From the line containing "ステンレス製 先太毛抜き PSG-101" to the line containing "27歳の人妻・新垣紗由理は、" in the entries below, reproduce every line exactly, ends included. Nothing else belongs in the copy, and no pictures.

(INPUT FOR THIS TASK)
....

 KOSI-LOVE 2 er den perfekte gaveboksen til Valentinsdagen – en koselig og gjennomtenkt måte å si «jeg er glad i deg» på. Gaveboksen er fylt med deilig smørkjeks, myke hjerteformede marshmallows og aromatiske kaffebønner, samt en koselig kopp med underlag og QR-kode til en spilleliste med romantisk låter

....

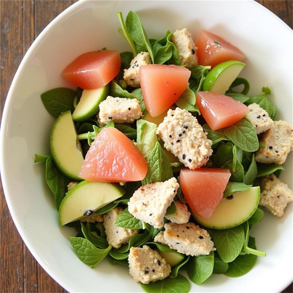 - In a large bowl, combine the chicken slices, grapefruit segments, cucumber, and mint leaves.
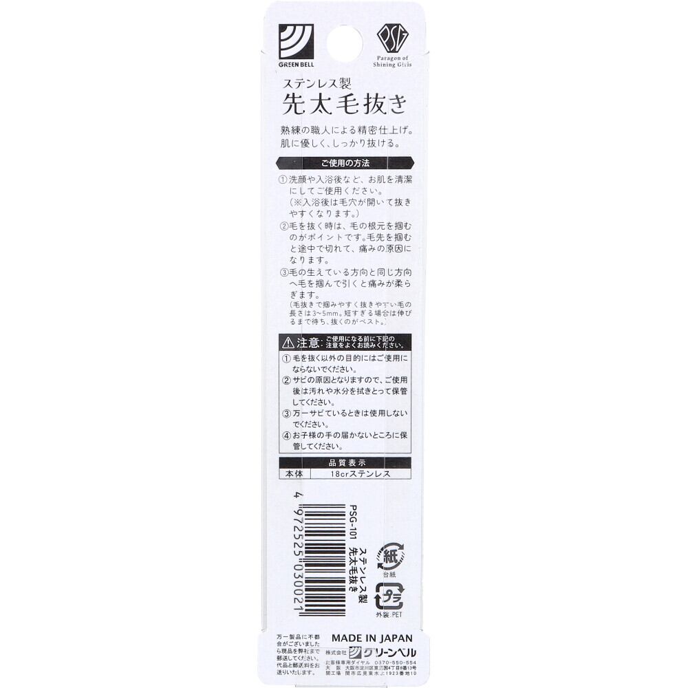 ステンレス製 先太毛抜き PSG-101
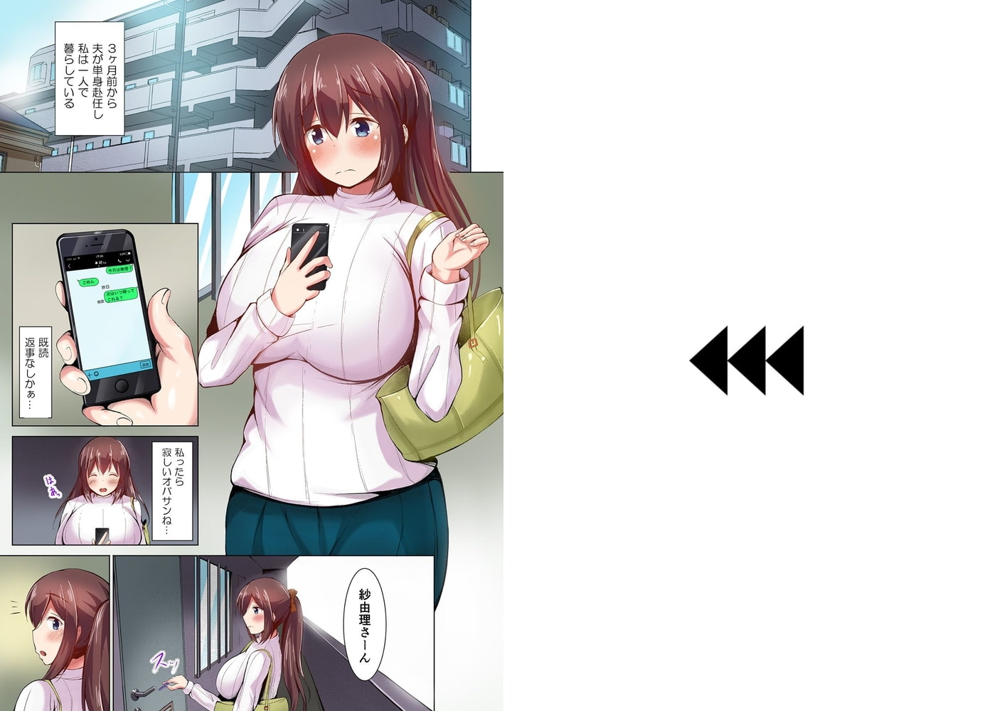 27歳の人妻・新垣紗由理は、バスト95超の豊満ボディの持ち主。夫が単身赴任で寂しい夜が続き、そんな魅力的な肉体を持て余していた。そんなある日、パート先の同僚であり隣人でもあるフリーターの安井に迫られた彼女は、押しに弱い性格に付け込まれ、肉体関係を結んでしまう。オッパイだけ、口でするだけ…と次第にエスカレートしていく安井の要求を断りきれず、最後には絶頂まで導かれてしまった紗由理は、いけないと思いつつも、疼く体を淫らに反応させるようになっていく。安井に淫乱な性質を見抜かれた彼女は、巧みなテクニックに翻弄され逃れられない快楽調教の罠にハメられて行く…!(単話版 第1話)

....

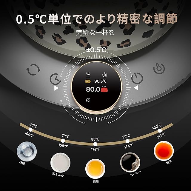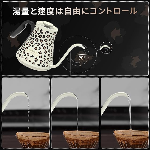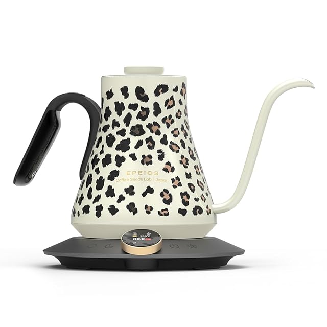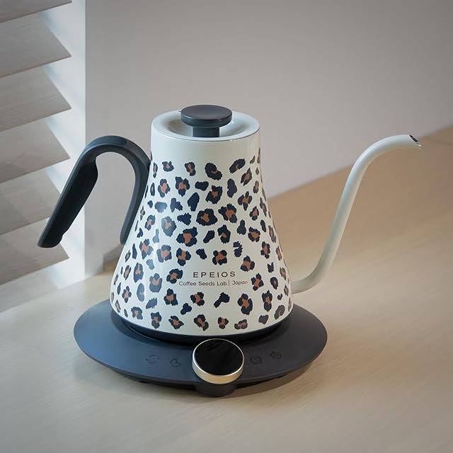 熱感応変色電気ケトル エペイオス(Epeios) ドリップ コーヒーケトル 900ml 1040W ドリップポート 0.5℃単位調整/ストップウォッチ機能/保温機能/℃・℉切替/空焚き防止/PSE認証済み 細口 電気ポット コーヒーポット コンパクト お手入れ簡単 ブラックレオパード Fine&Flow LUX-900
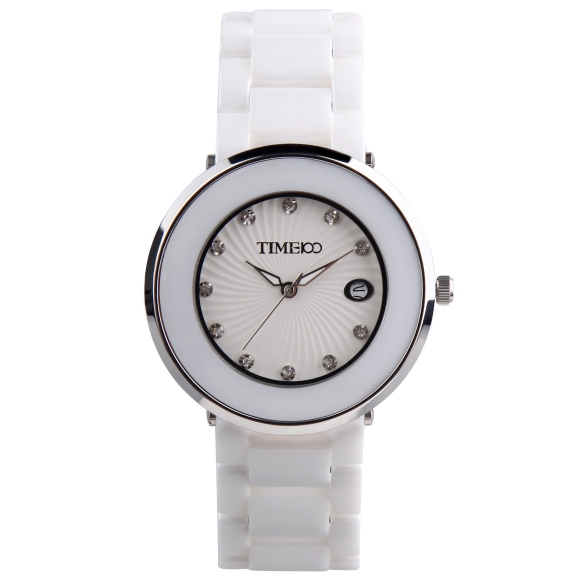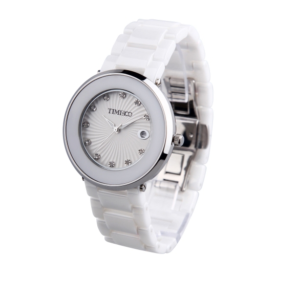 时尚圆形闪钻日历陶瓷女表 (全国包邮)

....

(EXPECTED OUTPUT)
 ステンレス製 先太毛抜き PSG-101
 27歳の人妻・新垣紗由理は、バスト95超の豊満ボディの持ち主。夫が単身赴任で寂しい夜が続き、そんな魅力的な肉体を持て余していた。そんなある日、パート先の同僚であり隣人でもあるフリーターの安井に迫られた彼女は、押しに弱い性格に付け込まれ、肉体関係を結んでしまう。オッパイだけ、口でするだけ…と次第にエスカレートしていく安井の要求を断りきれず、最後には絶頂まで導かれてしまった紗由理は、いけないと思いつつも、疼く体を淫らに反応させるようになっていく。安井に淫乱な性質を見抜かれた彼女は、巧みなテクニックに翻弄され逃れられない快楽調教の罠にハメられて行く…!(単話版 第1話)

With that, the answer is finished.